- Interactive map of the Iloilo Provincial Capitol area

General information
- Location: Iloilo City, Philippines
- Coordinates: 10°42′9.4″N 122°34′8.5″E﻿ / ﻿10.702611°N 122.569028°E
- Current tenants: Office of the Governor Provincial Government of Iloilo
- Completed: 2006

Technical details
- Floor count: 6 floors

Design and construction
- Architect: Guillermo Hisancha

= Iloilo Provincial Capitol =

Capitol building of Iloilo province in the Philippines

The Iloilo Provincial Capitol is the seat of the provincial government of Iloilo in the Philippines. It is located on Bonifacio Drive in Iloilo City Proper, adjacent to the Casa Real de Iloilo, the former seat of the provincial government since the Spanish colonial period.

== History ==
The new Iloilo Provincial Capitol was built in 2006 after a 1998 fire of unknown origin severely damaged the Casa Real de Iloilo, the old capitol, destroying nearly half of the structure and leaving only the main building intact. The old capitol building has since been renovated and restored to its original design and now serves as a lobby and reception area for visiting guests and government dignitaries.

The new capitol building, upon its completion, is considered one of the most modern and largest capitol buildings in the Philippines.

=== 2007 Capitol Siege ===
On January 17, 2007, heavily armed units of the Philippine National Police (PNP) forcibly entered the capitol building as part of efforts to enforce an administrative dismissal order against Governor Niel Tupas Sr. issued by the Office of the Ombudsman.

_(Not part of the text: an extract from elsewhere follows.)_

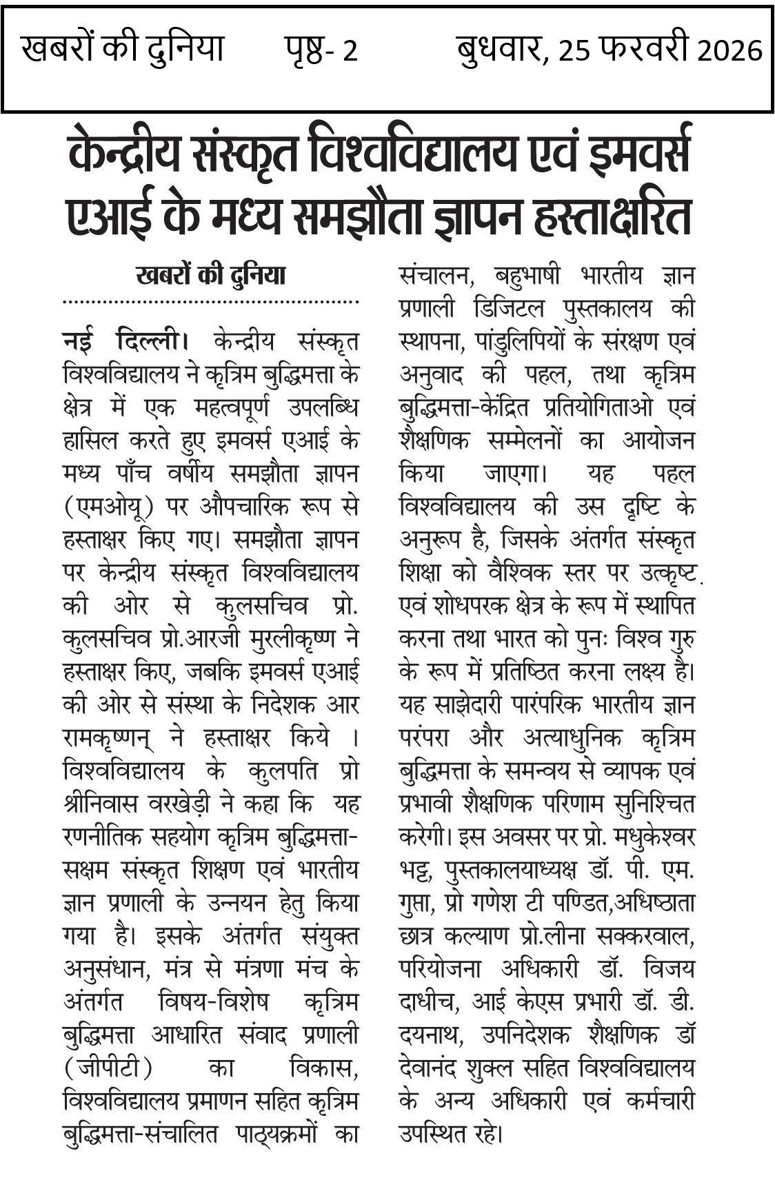 यह समाचार लेख केन्द्रीय संस्कृत विश्वविद्यालय, नई दिल्ली और इमवर्स एआई के मध्य हस्ताक्षरित समझौता ज्ञापन (एमओयू) पर आधारित है। यह पाँच वर्षीय समझौता संस्कृत शिक्षा और भारतीय ज्ञान परंपरा के साथ कृत्रिम बुद्धिमत्ता (एआई) के समन्वय पर केंद्रित है। इस सहयोग के अंतर्गत एआई आधारित संवाद प्रणालियों का विकास, विश्वविद्यालय प्रमाणित एआई पाठ्यक्रम तथा संयुक्त अनुसंधान पहल शामिल हैं। इसके अतिरिक्त बहुभाषी डिजिटल पुस्तकालय की स्थापना, संस्कृत पांडुलिपियों का संरक्षण और अनुवाद, तथा एआई विषयक प्रतियोगिताओं और शैक्षणिक सम्मेलनों का आयोजन भी प्रस्तावित है। इस एमओयू पर कुलपति प्रो. श्रीनिवास वरखेडी तथा इमवर्स एआई के निदेशक रामकृष्णन ने हस्ताक्षर किए। इस साझेदारी का उद्देश्य संस्कृत अध्ययन को वैश्विक स्तर पर प्रोत्साहित करना और भारत को ज्ञान व अनुसंधान के प्रमुख केंद्र के रूप में सुदृढ़ करना है।

Some 200 police personnel, including elements of the Regional Mobile Group in full battle gear, moved onto the capitol grounds to serve the dismissal and related orders, encountering resistance from supporters of the governor who had barricaded parts of the building and held vigils inside. Police were reported to have broken down gates and glass doors to gain access to the building, and there were accounts of officers pointing firearms during the operation. It sparked national criticism over the use of force and alleged violations of human rights.

== Architecture ==

Iloilo Provincial Capitol complex at night

The Iloilo Provincial Capitol was designed by Filipino architect Guillermo Hisancha. The capitol complex underwent redevelopment in 2019, including the building of a 6-storey with roof deck multilevel parking building; landscaping of the front of the Capitol building up to the Casa Real, or the Old Provincial Capitol; improvement of the grounds adjacent to the Western Visayas Regional Museum; and the improvement of the power station. The centerpiece of the redevelopment project is the mural titled "Panaysayun sang Paranublion." The two-meter by 15-meter mural, which depicts the rich culture and heritage of the province, was designed by architects Victor Jacinto, Ryan Angelo Braga, Kenneth Torre, and Jorge Cadiao Jr. It was sculpted by architects Margarette and Albert Pampliega.